Не обращая внимания на мольбы своей жертвы, кат рванул ткань сорочки. Лопухина заплакала и попыталась оттолкнуть от себя его руки. Увидев заминку, подошел второй. Но приговоренная к экзекуции, не желая признавать неотвратимое, отчаянно забилась в их руках. Плакала, отбивалась, изловчившись, вцепилась зубами в кисть одного из мучителей. Тот чертыхнулся, высвобождая руку, процедил:
— Ну, ты меня запомнишь, красавка, — и, ухватив за волосы, резко развернул ее лицом к своему помощнику, который взял бывшую статс-даму за обе руки и, круто повернувшись, вскинул к себе на плечи, как мешок.
— Ты гляди, какая прыткая, — хохотнул любитель пирожков.
— И не жалко тебе ее, — тихо сказала, стоящая позади него, женщина.
— А что, — ответила ей, бойкая бабенка с бегающими мелкими глазками, — пущай и она попробует, как кнутом приласкают. Не все ж им только пряники.
— Уймись, бесстыжая, — смерил ее тяжелым взглядом здоровенный бородатый мужик, — ну как, если б ты была на их месте, весело б тебе было?
— И то верно. За что их так, баб-то? Не ровен час, до смерти запорют, — пронесся в воздухе сердобольный шепоток.
Остроглазая торговка, подбоченясь, собралась ответить им всем, как полагается, но в этот момент душераздирающий вопль повис над площадью, и все другие голоса стихли.
Все внимание толпы снова обратилось к Наталье Лопухиной. Кнут, падая тяжело и хлестко, впивался в тело, а, отпуская жертву, издавал неизменный сипяще-чавкающий всхлип.
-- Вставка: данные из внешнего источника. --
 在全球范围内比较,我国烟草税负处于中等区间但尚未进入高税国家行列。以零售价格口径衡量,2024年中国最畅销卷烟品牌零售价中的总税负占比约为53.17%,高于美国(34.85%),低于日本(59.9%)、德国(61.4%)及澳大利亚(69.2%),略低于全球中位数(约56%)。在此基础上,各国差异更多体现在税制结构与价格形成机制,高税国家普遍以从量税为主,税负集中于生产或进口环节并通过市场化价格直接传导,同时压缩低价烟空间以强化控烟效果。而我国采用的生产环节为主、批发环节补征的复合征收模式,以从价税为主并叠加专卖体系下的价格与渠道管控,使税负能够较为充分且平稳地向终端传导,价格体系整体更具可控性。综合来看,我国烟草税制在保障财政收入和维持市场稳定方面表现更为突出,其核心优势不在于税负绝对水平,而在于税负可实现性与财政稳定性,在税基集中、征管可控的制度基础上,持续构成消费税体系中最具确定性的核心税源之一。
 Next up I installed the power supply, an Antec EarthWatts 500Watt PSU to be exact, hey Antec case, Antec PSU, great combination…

Глубокой бороздой оставалась его кровавая роспись на выгнутой в тщетном усилии спине. Дыхание останавливалось от каждого удара, чтобы прорваться с сукровичной пеной истошным протяжным криком до следующего счета — следующего камня на весах монаршей фемиды.
Хрипели в надрыве голосовые связки. Слезы застилали черные, в одни зрачки, глаза. Перед глазами русые волосы и толстая шея палача-подмастерья. На них грязь и розовая слюна Натальи. От пронзающей насквозь боли рывком вскинула голову кверху. Глубокое синее небо и безмятежно белые облака — удачное дополнение к картине несправедливости и невозможности. Разорванное сознание не породило ни единого слова, которое могло быть адресовано этой бездонной выси. Нечленораздельной первозданной мольбой ушло туда послание о необоснованно жестокой и бессмысленной расправе.
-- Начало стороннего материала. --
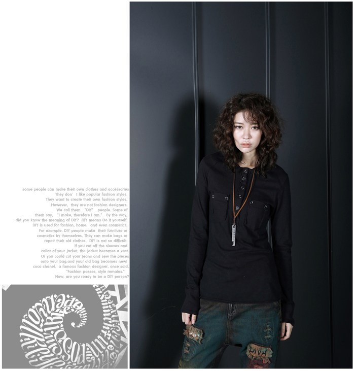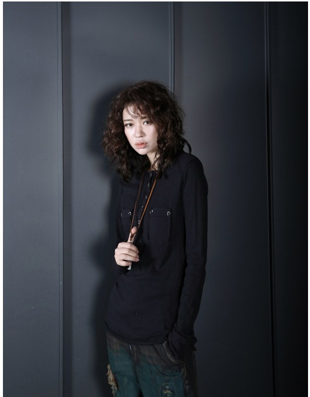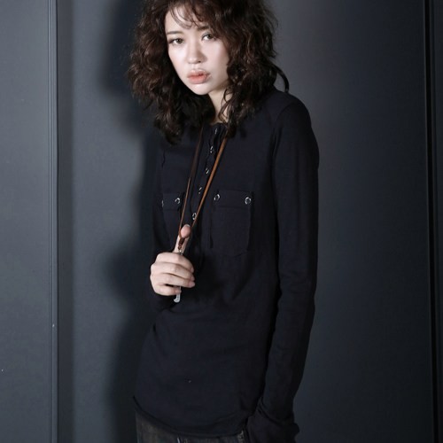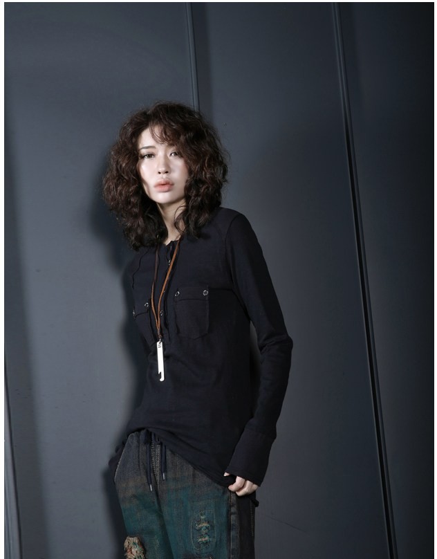 商品名:Tシャツ レディース 長袖 無地 ヘンリーネック 秋 2017 モード系 個性的 40代 ファッション
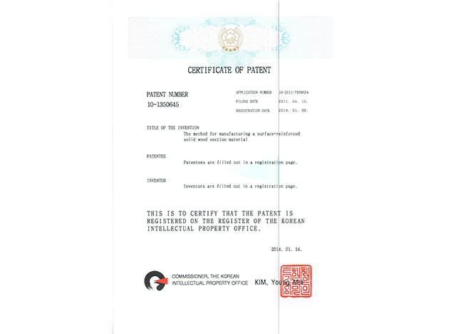 韓國發明專利證書10-1350645
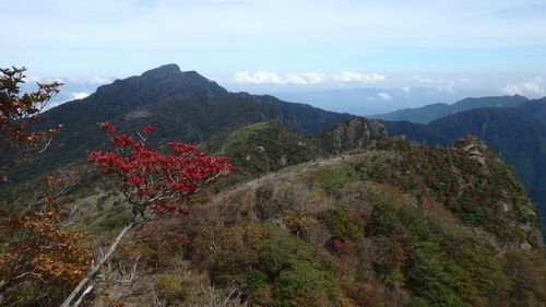 | ▼紅葉が始まっています(縦走路にて) | 烏帽子岩〜祖母山(縦走路の展望所にて)▼ | |

Мыслей не было. Не думала, не ждала. Рвалась, рвалась и рвалась. Бесполезность борьбы бесформенными лохмотьями вскидывалась в оглушенном разуме, но существо повиновалось животному исступлению инстинкта. Казалось, не будет конца. Или это конец.
Потом почувствовала, как опускается вниз на деревянный настил помоста. Палач сдавливает горло. Еще не окончена экзекуция. Вспомнила, что еще предстоит. Сжать зубы, противиться. Жить, воздуха… Клубится серый, мерцающий туман. Закашлялась. Груботканая ловушка захватила и потянула наружу все от самых ключиц. Полоснула остро-едкая боль и разлилась расплавленным свинцом. Последний крик захлебнулся кровью, и навалилась липкая, тяжелая темнота.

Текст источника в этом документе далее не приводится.